#### Provided material
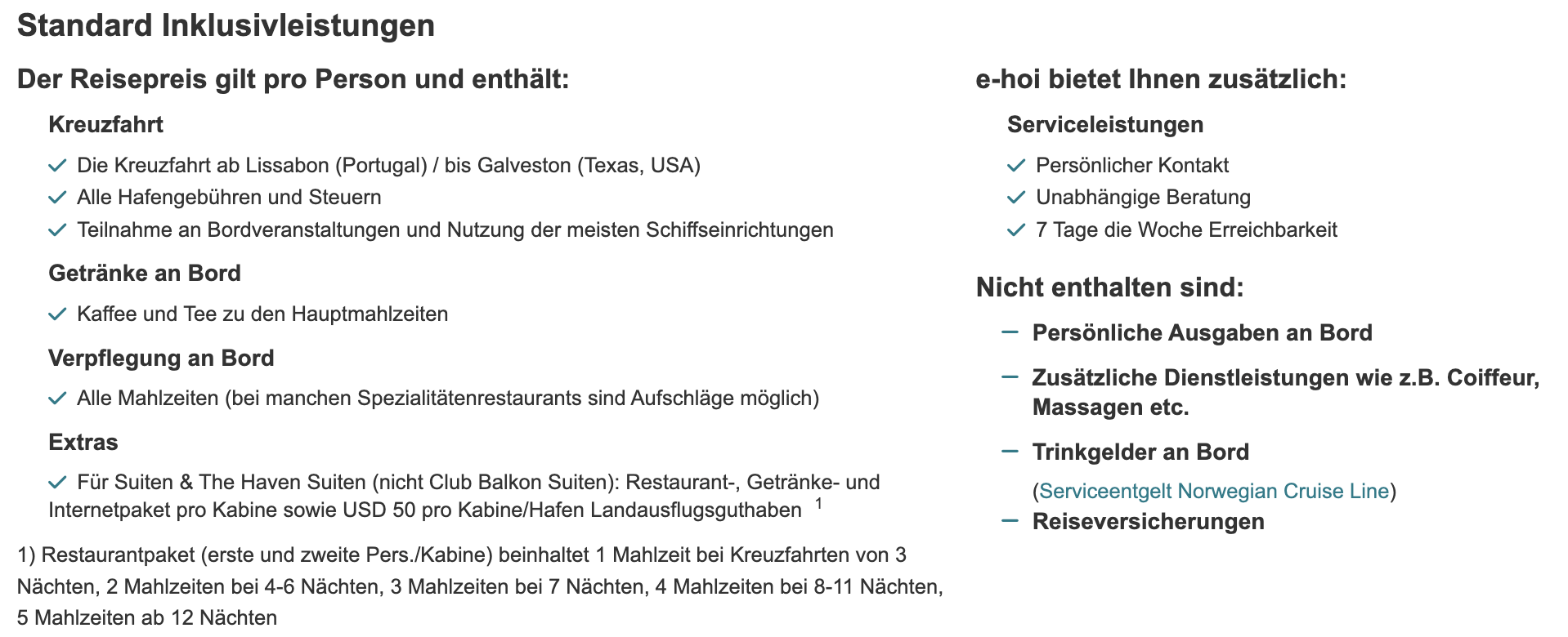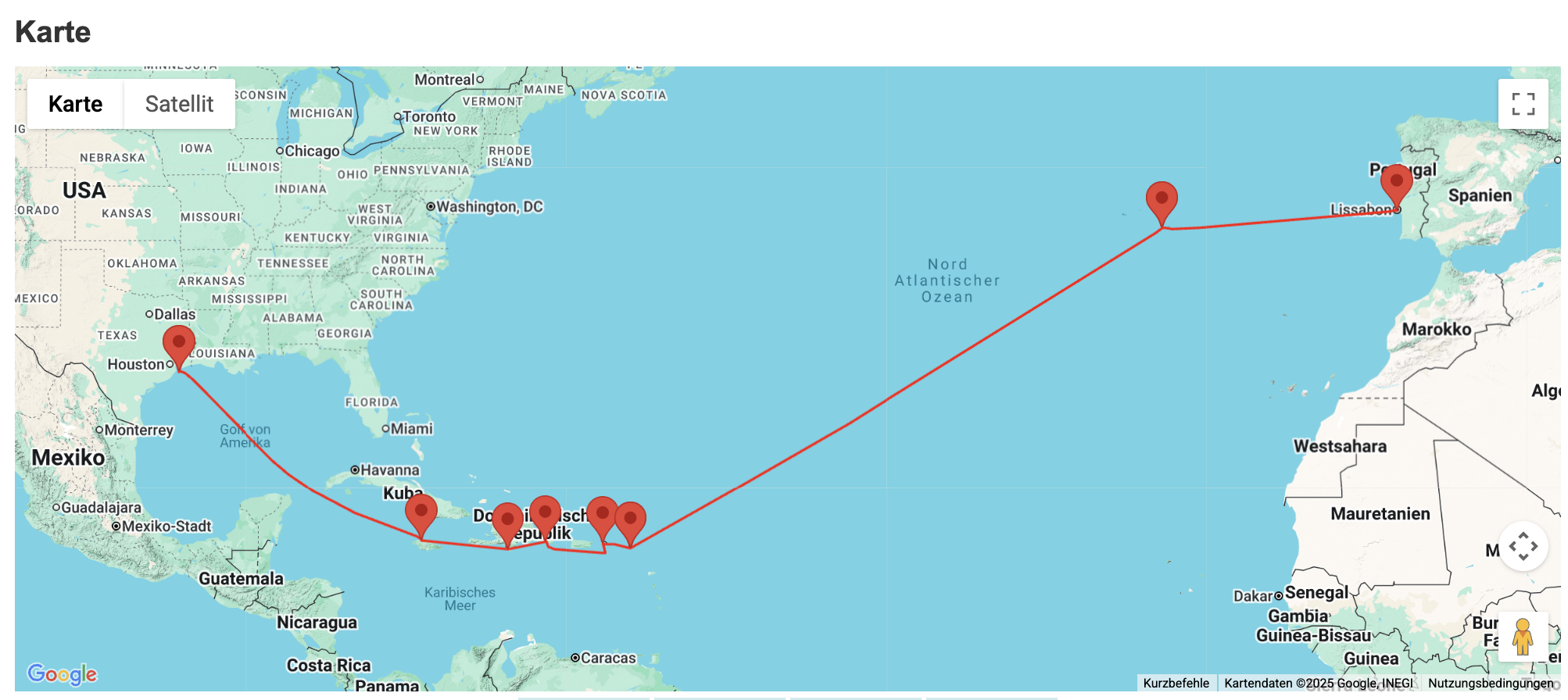 Das geniale, moderne und familienfreundliche Schiff startet in Lissabon, nimmt Kurs auf die Azoren, dann weiter in die Karibik und kommt final im Cowboy-Country Texas zum Ende seiner Fahrt! Eine tolle Route! Doch am spannendsten ist der Preis! Unfassbare 373 € sind selbst für erfahrene Schnäppchen-Piraten eine krasse Nummer! Das sind nur 23 Euro am Tag! Inkl. Vollpension!
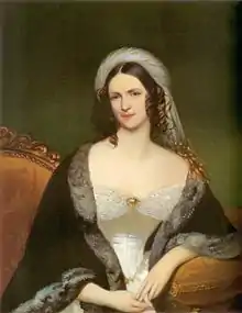 Princess Sofya Stepanovna Shcherbatova (Russian: Софья Степановна Щербатова, née Apraksina; 1798 in Moscow, Russian Empire – 3 February 1885 in Moscow) was a prominent Russian philanthropist, the Dame Chevalier of the Order of Saint Catherine (1822). Princess Shcherbatova (since 1817, when she married Prince Alexey Shcherbatov) was the founder of The Grand Dames Helping the Poor charity (Damskoye Popetchitelstvo o Bednykh, 1844) which she remained the chairman of till 1876, the Nikolskaya Community (which proved particularly effective during the cholera epidemic in 1848 in Moscow and later during the Crimean War), many orphanages and shelters for homeless and elderly people. An heir to the famous Apraksin family, she was greatly interested in literature and arts, kept a fashionable Moscow salon and was a friend of Alexander Pushkin, Pyotr Vyazemsky and Mikhail Lermontov, among others.[1][2]
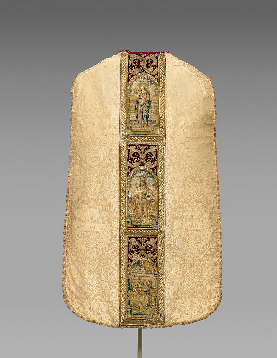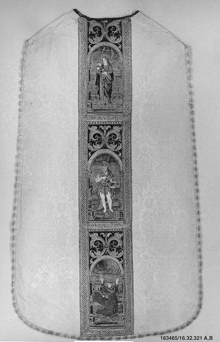 This tabard-like garment is a priest's chasuble. Probably tailored in the seventeenth century, it combines a very fine, high-quality white silk damask with older, repurposed sixteenth-century needlework. This beautifully worked embroidery on a red velvet ground provided an orphrey strip on the chasuble's reverse, decorated with figures of the Virgin and Child, John the Baptist, and Saint Francis receiving the Stigmata, each set within niches. In the mid-twentieth century, the orphrey strip from the chasuble's front (16.32.321b) was repurposed a second time, removed from this garment and temporarily applied to another, fragmentary sixteenth-century chasuble (56.166a,b).

#### Action item
A word-for-word copy of the lines from the start of the listing through the line containing "Princess Sofya Stepanovna" is the answer. Pictures stay out of it.

#### Exercise answer
 Das geniale, moderne und familienfreundliche Schiff startet in Lissabon, nimmt Kurs auf die Azoren, dann weiter in die Karibik und kommt final im Cowboy-Country Texas zum Ende seiner Fahrt! Eine tolle Route! Doch am spannendsten ist der Preis! Unfassbare 373 € sind selbst für erfahrene Schnäppchen-Piraten eine krasse Nummer! Das sind nur 23 Euro am Tag! Inkl. Vollpension!
 Princess Sofya Stepanovna Shcherbatova (Russian: Софья Степановна Щербатова, née Apraksina; 1798 in Moscow, Russian Empire – 3 February 1885 in Moscow) was a prominent Russian philanthropist, the Dame Chevalier of the Order of Saint Catherine (1822). Princess Shcherbatova (since 1817, when she married Prince Alexey Shcherbatov) was the founder of The Grand Dames Helping the Poor charity (Damskoye Popetchitelstvo o Bednykh, 1844) which she remained the chairman of till 1876, the Nikolskaya Community (which proved particularly effective during the cholera epidemic in 1848 in Moscow and later during the Crimean War), many orphanages and shelters for homeless and elderly people. An heir to the famous Apraksin family, she was greatly interested in literature and arts, kept a fashionable Moscow salon and was a friend of Alexander Pushkin, Pyotr Vyazemsky and Mikhail Lermontov, among others.[1][2]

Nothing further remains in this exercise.